Тогда Амбруаз Парэ горестно и торжественно произнес:
– Да будет так! Я рискну своей головой за попытку спасти вот эту!.. Но уж теперь, – добавил он с загоревшимся взором, – пусть мне никто не мешает!
Все отошли в сторону, невольно преклоняясь перед силой духа новоявленного гения.
В напряженной тишине слышалось только прерывистое дыхание взволнованных зрителей.
Амбруаз, упершись коленом в грудь герцога, наклонился над ним, осторожно взялся за наконечник копья и начал медленно, а потом все сильней и сильней расшатывать его. Герцог содрогнулся от невыносимой боли. Крупные капли пота выступили на лбу. Амбруаз Парэ на секунду остановился, но тут же принялся за прерванную работу.
Через минуту, показавшуюся вечностью, наконечник был извлечен из раны. Амбруаз Парэ отбросил его прочь и наклонился над зияющей раной. Когда он поднялся, лицо его светилось восторгом. И в это мгновение, словно осознав только сейчас всю важность свершившегося, он пал на колени, простер руки к небу, и слеза радости медленно скатилась по его щеке.
Никто не проронил ни слова, все ждали, что он скажет. Наконец прозвучал его торжественный, взволнованный голос:
– Теперь я могу ручаться за жизнь герцога де Гиза!

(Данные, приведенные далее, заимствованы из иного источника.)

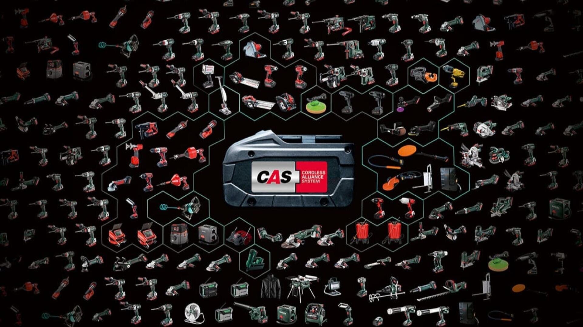 Das Cordless Alliance System (CAS) vereint als herstellerübergreifendes Akku-System 23 Marken und mehr als 200 Maschinen unter einem technischen Dach. Ein Akku und ein Ladegerät für alle gängigen Elektrowerkzeug-Typen und das mit weitem Abstand breiteste Angebot an Spezialmaschinen für Profis.

И действительно, час спустя к герцогу вернулось сознание и даже речь…
Амбруаз Парэ заканчивал перевязку, а Габриэль стоял у кровати, куда перенесли славного пациента.
– Итак, Габриэль, – говорил герцог, – я вам обязан не только взятием Кале, но и самой жизнью, ибо вы чуть ли не силой заставили пропустить ко мне мэтра Парэ!
– Да, ваша светлость, – подтвердил Амбруаз, – если бы не виконт д’Эксмес, мне бы не добраться до вас.
– Вы оба меня спасли!
– Поменьше говорите, ваша светлость, – прервал его врач.
– Молчу, молчу. Лишь один вопрос.
– Какой, ваша светлость?
– Как вы полагаете, мэтр Парэ, отразятся ли на моем здоровье последствия этой ужасной раны.
– Ни в какой мере. Единственное, что сохранится, – это шрам, царапина, метка!
– Шрам, – вскричал герцог, – и только-то? Шрам всегда к лицу солдату. Пусть меня так и зовут Меченым, я ничего не имею против. Меченый – это прекрасно звучит!
Всем известно, что и современники, и потомки согласились с герцогом де Гизом, и он вошел в историю под именем Меченый.
XXIV. Непредвиденная развязка
Теперь перенесемся в столовую семейства Пекуа, куда Жан велел перенести Мартен-Герра. 7 января вечером Амбруаз Парэ с присущей ему удачливостью произвел бедному оруженосцу ампутацию, которую признал необходимой. Итак, зыбкая надежда сменилась уверенностью, что Мартен-Герр, хоть и искалеченный, останется в живых.
Трудно описать раскаяние или, вернее, угрызения совести Пьера Пекуа, когда он узнал от Жана правду. Человек суровый и честный, он не мог себе простить свою ужасную ошибку. Теперь он чуть ли не умолял Мартена располагать всем, что у него было. Вполне понятно, что Мартен-Герр и без этих ненужных просьб простил и даже оправдал незадачливого оружейника.